Contrasting Polymorphism of Related Small Molecule Drugs Correlated and Guided by the Computed Crystal Energy Landscape

Solid form screening and crystal structure prediction (CSP) calculations were carried out on two related molecules, 3-(4-(benzo­[d]­isoxazole-3-yl)­piperazin-1-yl)-2,2-dimethylpropanoic acid (B5) and 3-(4-dibenzo­[b,f]­[1,4]­oxepin-11-yl-piperazin-1-yl)-2,2-dimethylpropanoic acid (DB7). Only one anhydrate form was crystallized for B5, whereas multiple solid forms, including three neat polymorphs, were found for DB7. The crystal structure of B5 is P21/n Z′ = 1 with intramolecular hydrogen bonding, whereas Forms I and II of DB7 are conformational polymorphs with distinct Z′ = 1 P1̅ structures and intermolecular hydrogen bonds.

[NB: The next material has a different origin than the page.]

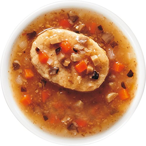 - 原材料:豆腐ハンバーグ(豆腐、鶏肉、たまねぎ、つなぎ(パン粉、でん粉、植物性たん白、乾燥卵白)、チキンオイル、しょうゆ、大豆繊維、砂糖、食塩、オニオンエキス、香辛料)、野菜(ひらたけ、しいたけ、マッシュルーム、にんじん、たまねぎ)、トマトピューレ、砂糖、しょうゆ、チキンエキス、増粘剤(加工でん粉)、(原材料の一部に乳成分を含む)

A disordered structure for Form III of DB7 is proposed, based on CSP-generated structures which gave a promising match to the X-ray powder diffraction and solid state NMR data for this metastable form. The differences in the hydrogen bonding and experimental solid form landscapes of the two molecules appear to arise from the dominance of the self-assembly of the benzoisoxazolepiperazinyl and dibenzoxepinylpiperazinyl fragments and the consequent inability to produce amorphous or solvate forms as intermediates for B5. There is a subtle balance between the intramolecular conformational energy and the intermolecular dispersion, electrostatic and polarization interactions apparent in the analysis of the computationally generated thermodynamically competitive structures, which makes their relative stability quite sensitive to the computational method used. The value of simultaneously exploring the computationally and experimentally generated solid form landscapes of molecules in pharmaceutical development is discussed.